▶ **Exercise**
Give back the whole listing verbatim, printing none of its pictures.

▶ **Information shown**
^^^^

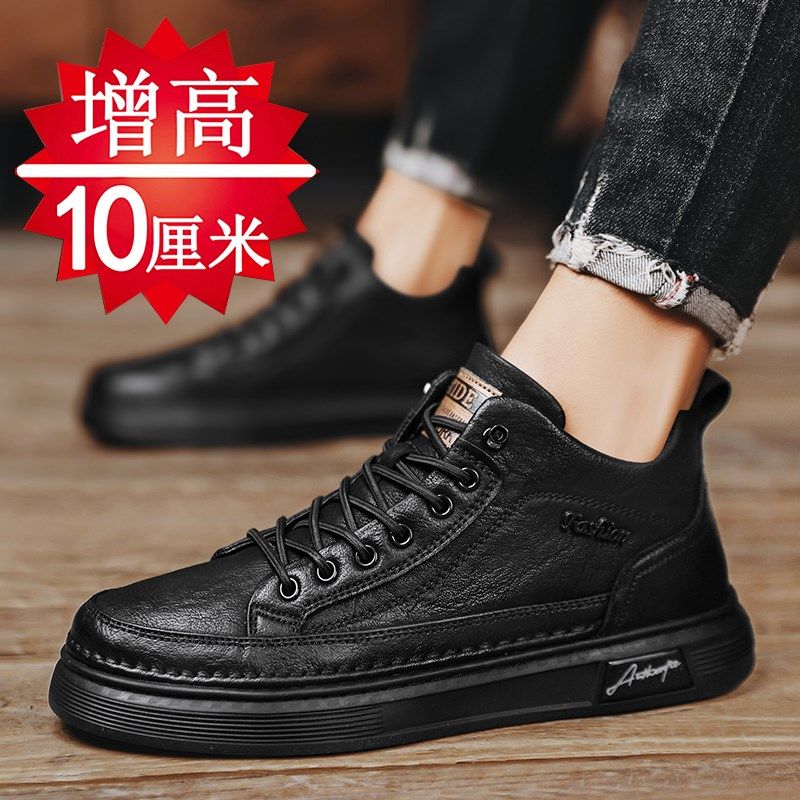 男鞋夏季内增高8cm6cm马丁男士休闲皮鞋软底黑色板鞋增高鞋男10cm
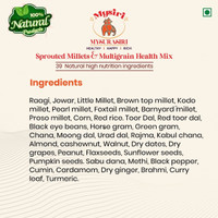 The health mix is made of completely natural ingredients to ensure that your health improves as you consume this drink daily. It is made of 39 natural ingredients, which are high in nutrition. The mix contains natural sprouted millets and multigrains, including ragi, jowar, horse gram, flax seeds, rajma, turmeric, and different types of millets, all of which contribute to improving your body functions and overall well-being.
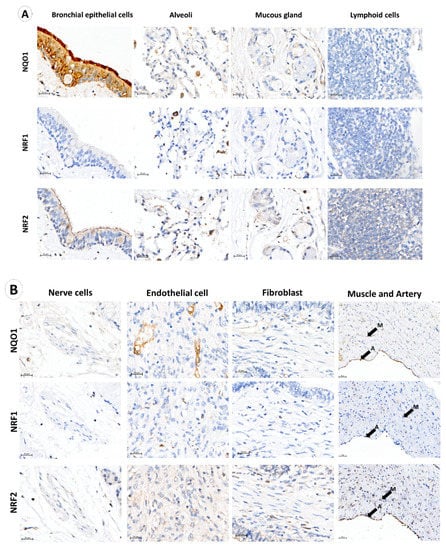 A total of 162 stage I and II adenocarcinoma NSCLC samples meeting the criteria were included in this study. Immunohistochemistry (IHC) was performed to quantify NQO1 expression in the cytoplasmic compartment of the cells after deciding the optimal dilution of the NQO1, NRF1 and NRF2 antibodies by assessing specificity, consistency, and signal-to-noise ratio [36]. Individual IHC staining of NQO1, NRF1 and NRF2 enabled the observation of protein expression by DAB chromogen brown color intensity within normal cell types, such as bronchial epithelial cells, alveoli, mucosal glands, lymphoid cells, nerve cells, endothelial cells, fibroblasts, muscle cells and arteries (Figure 1), and cancer cells. Immunostaining showed that NQO1 was positive in bronchial epithelial cells and endothelial cells, demonstrating increased NQO1 expression in ciliated surfaces when compared to the cytoplasm of columnar epithelial cells and basal cells (Figure 1A). NRF1 expression in bronchial epithelia was negative; however, NRF2 showed moderate cytoplasmic expression in columnar epithelial cells, cilia, and negative basal cells. In endothelial cells, NQO1 was strongly expressed; however, in mucous glands, lymphoid, neural, muscle and fibroblast cells, NQO1 was lowly expressed. Contrastingly, NRF2 protein was positive in lymphoid cells, and NRF1 was detected in some lymphoid cell subtypes, as shown in Figure 1. NRF1 was detected in endothelial cells; however, negative across fibroblasts, muscle, arteries and arterioles, neural cells, and mucous glands. NRF2 was present in alveolar, neural, endothelial and mucosal cells, with negative reactivity in fibroblasts.

^^^^

▶ **Solution to this problem**
 男鞋夏季内增高8cm6cm马丁男士休闲皮鞋软底黑色板鞋增高鞋男10cm
 The health mix is made of completely natural ingredients to ensure that your health improves as you consume this drink daily. It is made of 39 natural ingredients, which are high in nutrition. The mix contains natural sprouted millets and multigrains, including ragi, jowar, horse gram, flax seeds, rajma, turmeric, and different types of millets, all of which contribute to improving your body functions and overall well-being.
 A total of 162 stage I and II adenocarcinoma NSCLC samples meeting the criteria were included in this study. Immunohistochemistry (IHC) was performed to quantify NQO1 expression in the cytoplasmic compartment of the cells after deciding the optimal dilution of the NQO1, NRF1 and NRF2 antibodies by assessing specificity, consistency, and signal-to-noise ratio [36]. Individual IHC staining of NQO1, NRF1 and NRF2 enabled the observation of protein expression by DAB chromogen brown color intensity within normal cell types, such as bronchial epithelial cells, alveoli, mucosal glands, lymphoid cells, nerve cells, endothelial cells, fibroblasts, muscle cells and arteries (Figure 1), and cancer cells. Immunostaining showed that NQO1 was positive in bronchial epithelial cells and endothelial cells, demonstrating increased NQO1 expression in ciliated surfaces when compared to the cytoplasm of columnar epithelial cells and basal cells (Figure 1A). NRF1 expression in bronchial epithelia was negative; however, NRF2 showed moderate cytoplasmic expression in columnar epithelial cells, cilia, and negative basal cells. In endothelial cells, NQO1 was strongly expressed; however, in mucous glands, lymphoid, neural, muscle and fibroblast cells, NQO1 was lowly expressed. Contrastingly, NRF2 protein was positive in lymphoid cells, and NRF1 was detected in some lymphoid cell subtypes, as shown in Figure 1. NRF1 was detected in endothelial cells; however, negative across fibroblasts, muscle, arteries and arterioles, neural cells, and mucous glands. NRF2 was present in alveolar, neural, endothelial and mucosal cells, with negative reactivity in fibroblasts.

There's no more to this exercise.